Monir Shahroudi Farmanfarmaian, born in Qazvin, Iran, 1924, is an Iranian artist and collector of folk art. She studied Fine Arts at the Tehran University and was one of the first Iranian students to travel to the United States after World War II.

In New York, she studied at Parsons School of Design and Cornell University, worked as a fashion illustrator, and was absorbed into the city’s avant-garde art scene, becoming friends with artists and contemporaries Louise Nevelson, Jackson Pollock, Willem de Kooning, Barnett Newman, and Joan Mitchell. She painted, collaborated with Andy Warhol on illustrations for the now defunct Bonwit Teller department store, and, under the tutelage of Milton Avery, developed her talent for making monotype prints — some of which were presented at the Iran Pavilion during the 1958 Venice Biennale.

Her artistic practice weds the Sufi symbolism of classical Islamic geometrical design and cut-glass mosaic techniques of her Iranian heritage with the rhythms of modern Western abstract expressionism and minimalism.

The characteristic mirror mosaic of her work is an Iranian decorative form known as ‘ayeneh-kari’. It is the traditional art of cutting mirrors into small pieces and slivers, placing them in decorative shapes over plaster.
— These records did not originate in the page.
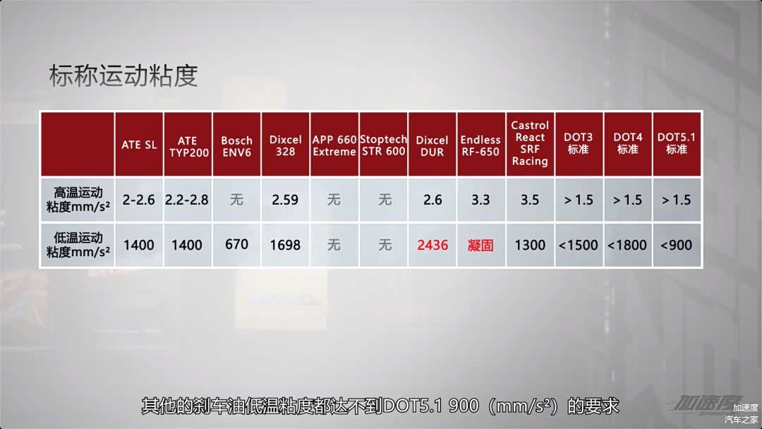 低温运动粘度反应的是-40度,也就是极低温时的性能,我们希望低温粘度小。粘度越高,管路中的粘滞阻力会越大,刹车也会变硬变难踩。当粘度高到一定程度时,甚至会严重影响abs esp的响应速度,说人话就是,ABS和ESP无法正常工作。
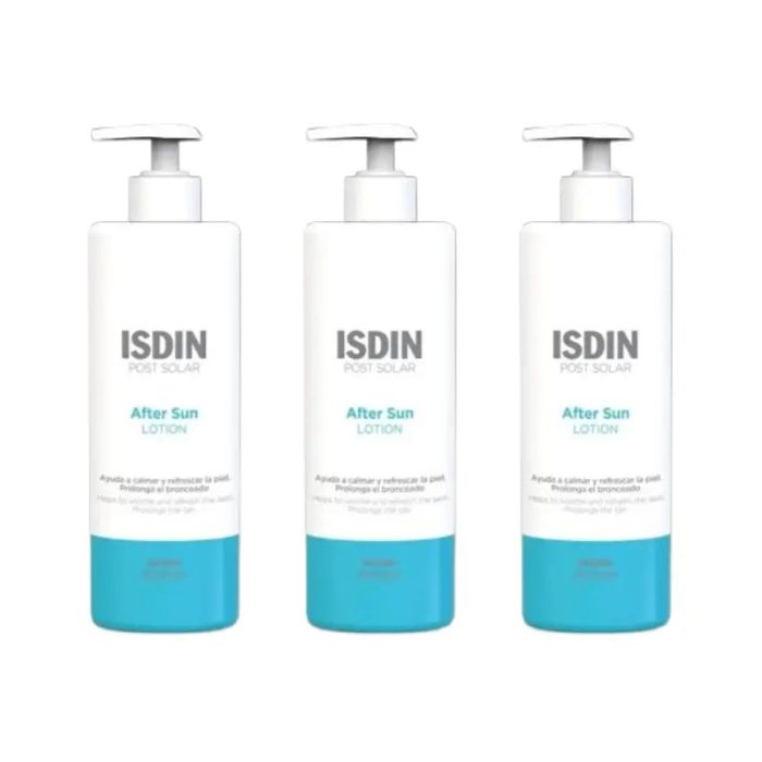 ISDIN AfterSun Loción Post Solar contiene: Aqua (Water), Alcohol Denat., Octyldodecanol, Cetyl Alcohol, Isopropyl Palmitate, Polysorbate 60, Dimethicone, Ethylhexyl Methoxycinnamate, Propylene Glycol, Benzyl Alcohol, Carbomer, Sorbitan Stearate, Allantoin, Sodium Hydroxide, Bisabolol, Disodium EDTA, Parfum (Fragrance), Menthol, BHT, Linalool, Citronellol, Chamomilla Recutita (Matricaria) Flower Extract, Geraniol, Limonene, Silica.
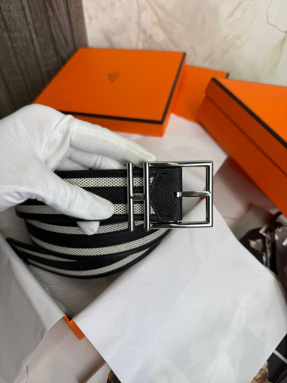 Мужской ремень Hermes – воплощение премиум-качества. Классическая черно-белая полоса, роскошная кожа с эффектом сетки и фирменная пряжка Hermes. Подчеркните свой безупречный вкус с этим премиум аксессуаром.
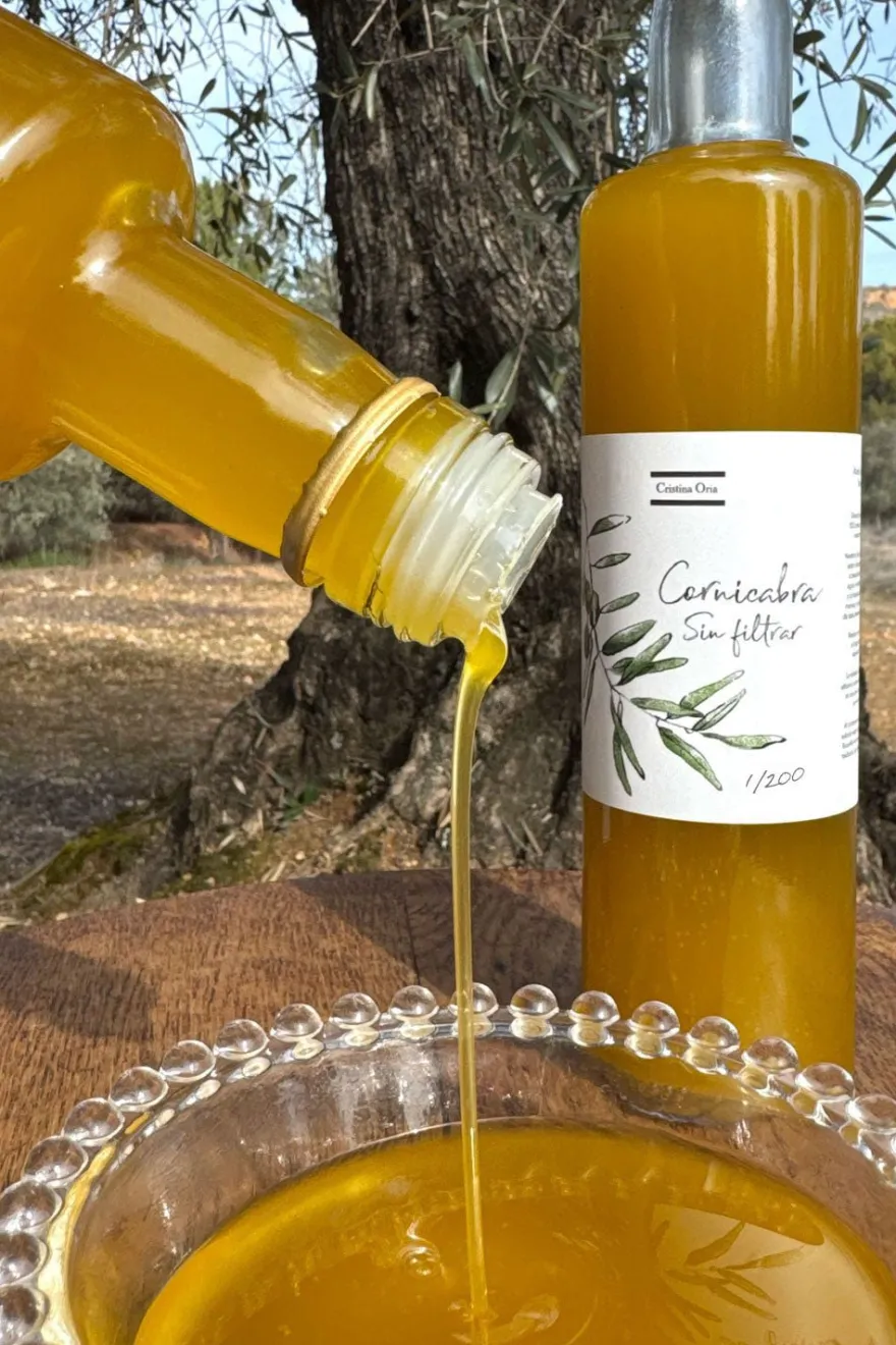 Descubre esta edición exclusiva de tan solo 200 botellas de aceite de oliva virgen extra de variedad cornicabra sin filtrar, un aceite único elaborado en nuestra finca de Morata de Tajuña.
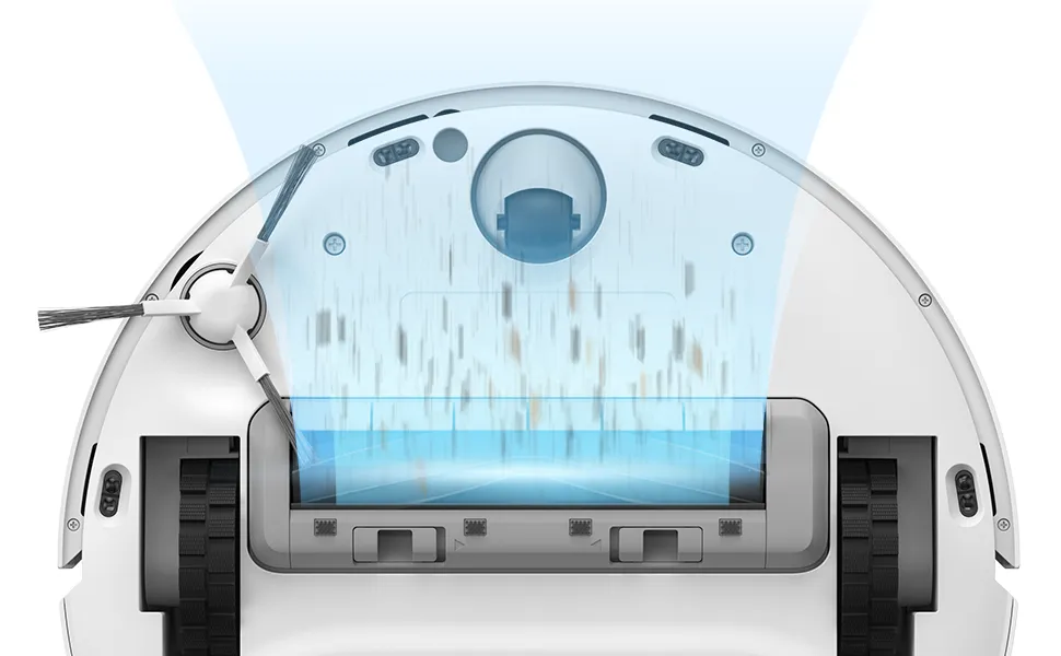 - Depósito de polvo grande y fácil de vaciar: El D10 Plus Gen 2 cuenta con un depósito de polvo grande, lo que reduce la necesidad de vaciarlo frecuentemente, permitiendo que el robot continúe limpiando sin interrupciones.
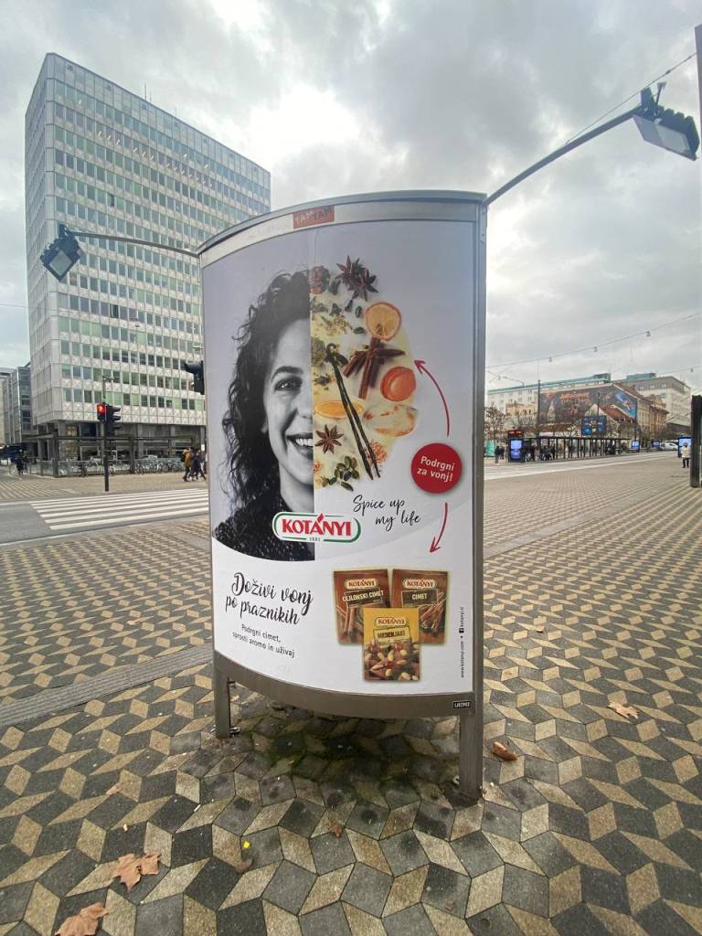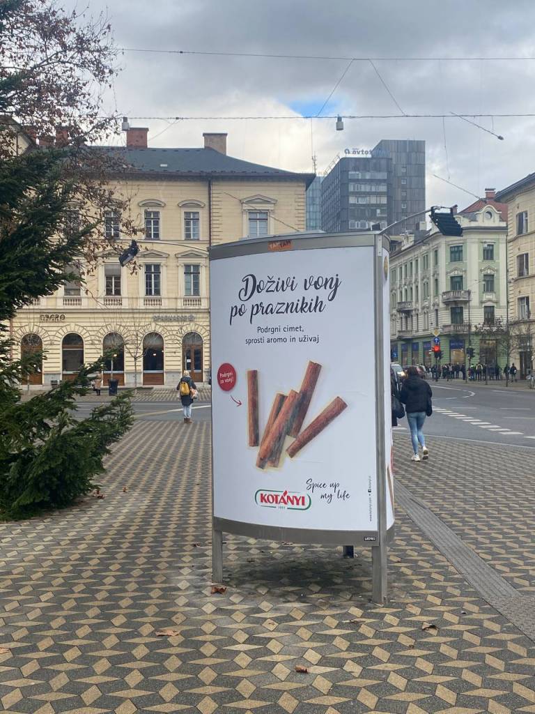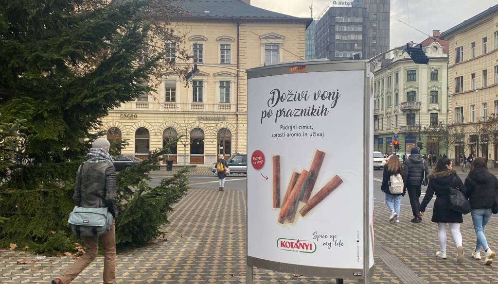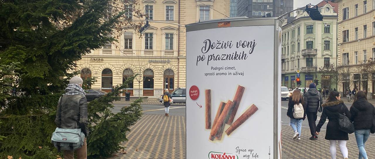 V centru Ljubljane smo naleteli na nekaj plakatov s praznično noto: oglašujejo začimbe, ki jih tradicionalno povezujemo z božičem, denimo cimet in aromo medenjakov.

This form of Iranian reverse glass and mirror mosaics is a craft traditionally passed on from father to son. Farmanfarmaian, however, was the first contemporary artist to reinvent the traditional medium in a contemporary way.

 Avid Collector

She soon reached international acclaim and held major exhibitions in Tehran, Paris, Venice and New York.  For the first time after the 1979 Islamic Revolution, her work was on public display in the Persian Garden Exhibition in 2004. Some of her selected public works and installations can be seen in Tehran at the Carpet Museum, Museum of Modern Art, Niavaran Cultural Center, and Museum of Contemporary Art.

Farmanfarmaian is an avid collector. While living in Iran, she sought out paintings behind glass, traditional tribal jewelry and potteries, and amassed one of the greatest collections of ‘coffee-house paintings’ in the country — commissioned paintings by folk artists as coffee-house, story-telling murals.

The artist returned to Tehran in 2004, where she continues to live and work.